-------- Given data

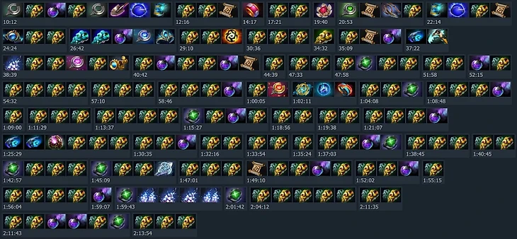 А еще у GG был и универсальный Минер, у которого к 30 уровню со всеми статами и талантами было почти 600 урона с руки. А ведь он даже не собрал ни одного предмета на урон: пока Селери на Чене фармил кучу слотов, Тофу сидел на вардах и саппорт-айтемах – просто посмотрите сколько Обсов за игру он купил!
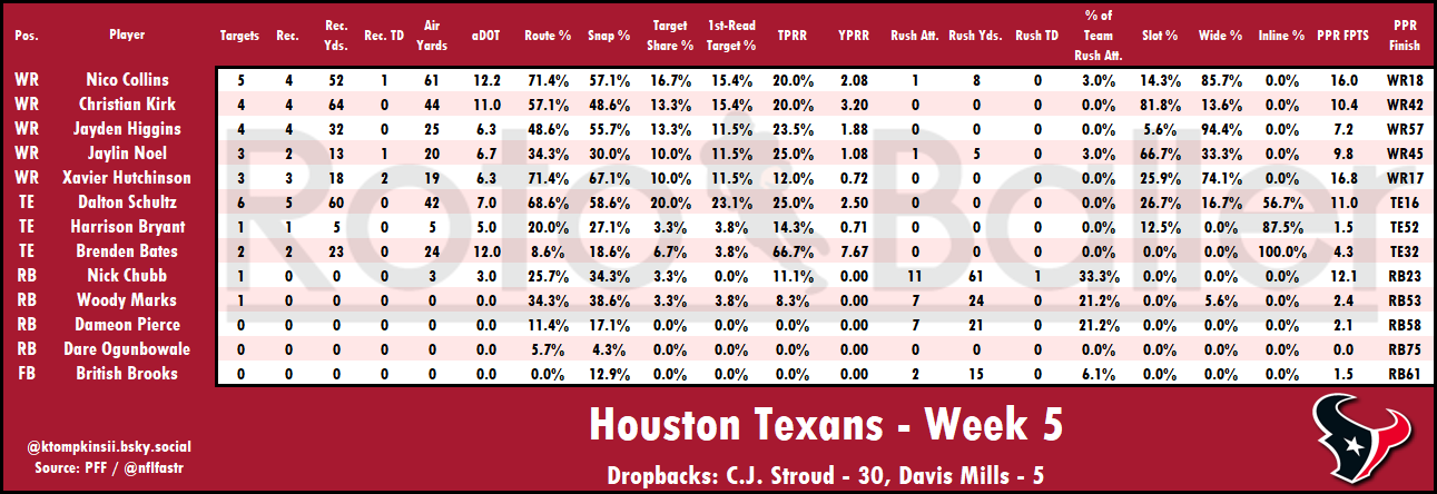 Lots of fantasy managers added Woody Marks (7-24 rushing; one target) last week, and then lo and behold, the Texans still wanted to get Nick Chubb (11-61-1 rushing; one target) plenty of involvement. It's a little bit scary that the Texans still want to get Chubb on the field so much, considering he barely has one working knee ligament. So, I'm a little bit skeptical that Houston knows what running back to get on the field when they don't even know what wide receivers they want to get on the field.
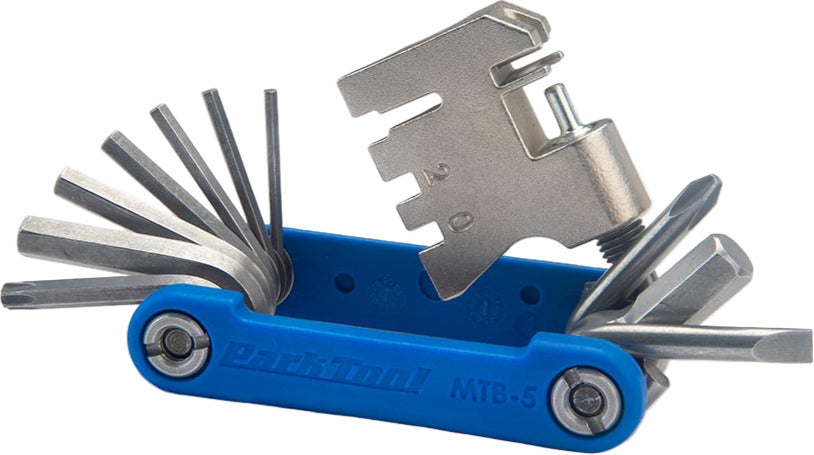 The MTB-5 packs 16 functions into one slim, tough folding multi-tool, making it the ideal companion for any trailside adjustment or emergency fix. Features a full set of hex wrenches and screwdrivers, a T25 Torx®-compatible driver, and five specialty tools to aid in common on-the-ride repairs.
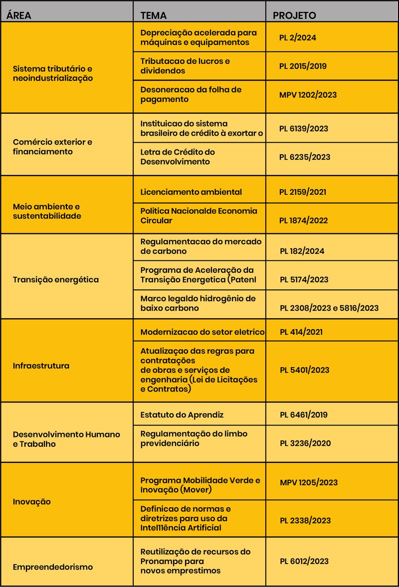 Ao todo, a CNI destaca 17 temas em tramitação no Congresso como prioritários. Vice-presidente da República e ministro do Desenvolvimento, Indústria, Comércio e Serviços, Geraldo Alckmin destacou algumas dessas medidas como relevantes, como o projeto de lei 2/24, que trata da depreciação acelerada de máquinas e equipamentos — e que visa reduzir o pagamento de tributos.
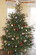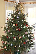 U mnie najładniejszą i jedyną tego roku ozdobą jest choinka :)) Udało się za niewiele kasy kupić piękniastego, rozłożystego świerka, więc ograniczyliśmy ilość ozdób i zrezygnowaliśmy z girland :))
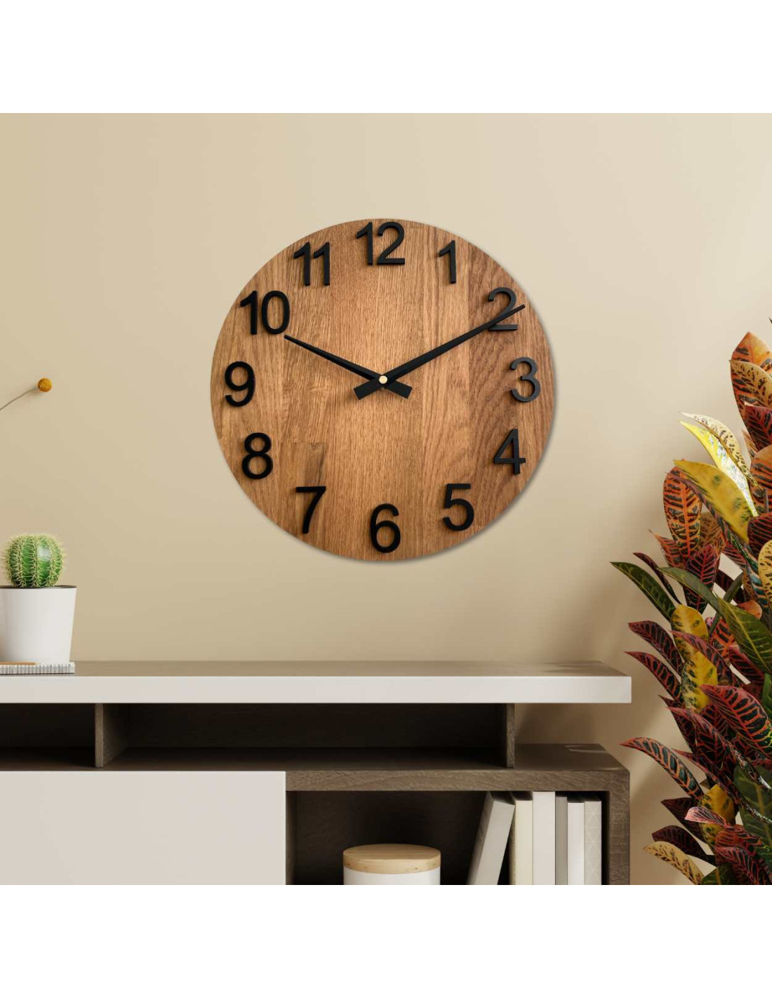 Wooden wall clock with large numbers | ROTREIU

----------------

**Exercise brief:**
In the records above, find the line with "The MTB-5 packs" and the line with "Ao todo, a CNI", then restate word for word only those two lines and all lines between, omitting pictures.

**Result for this exercise:**
 The MTB-5 packs 16 functions into one slim, tough folding multi-tool, making it the ideal companion for any trailside adjustment or emergency fix. Features a full set of hex wrenches and screwdrivers, a T25 Torx®-compatible driver, and five specialty tools to aid in common on-the-ride repairs.
 Ao todo, a CNI destaca 17 temas em tramitação no Congresso como prioritários. Vice-presidente da República e ministro do Desenvolvimento, Indústria, Comércio e Serviços, Geraldo Alckmin destacou algumas dessas medidas como relevantes, como o projeto de lei 2/24, que trata da depreciação acelerada de máquinas e equipamentos — e que visa reduzir o pagamento de tributos.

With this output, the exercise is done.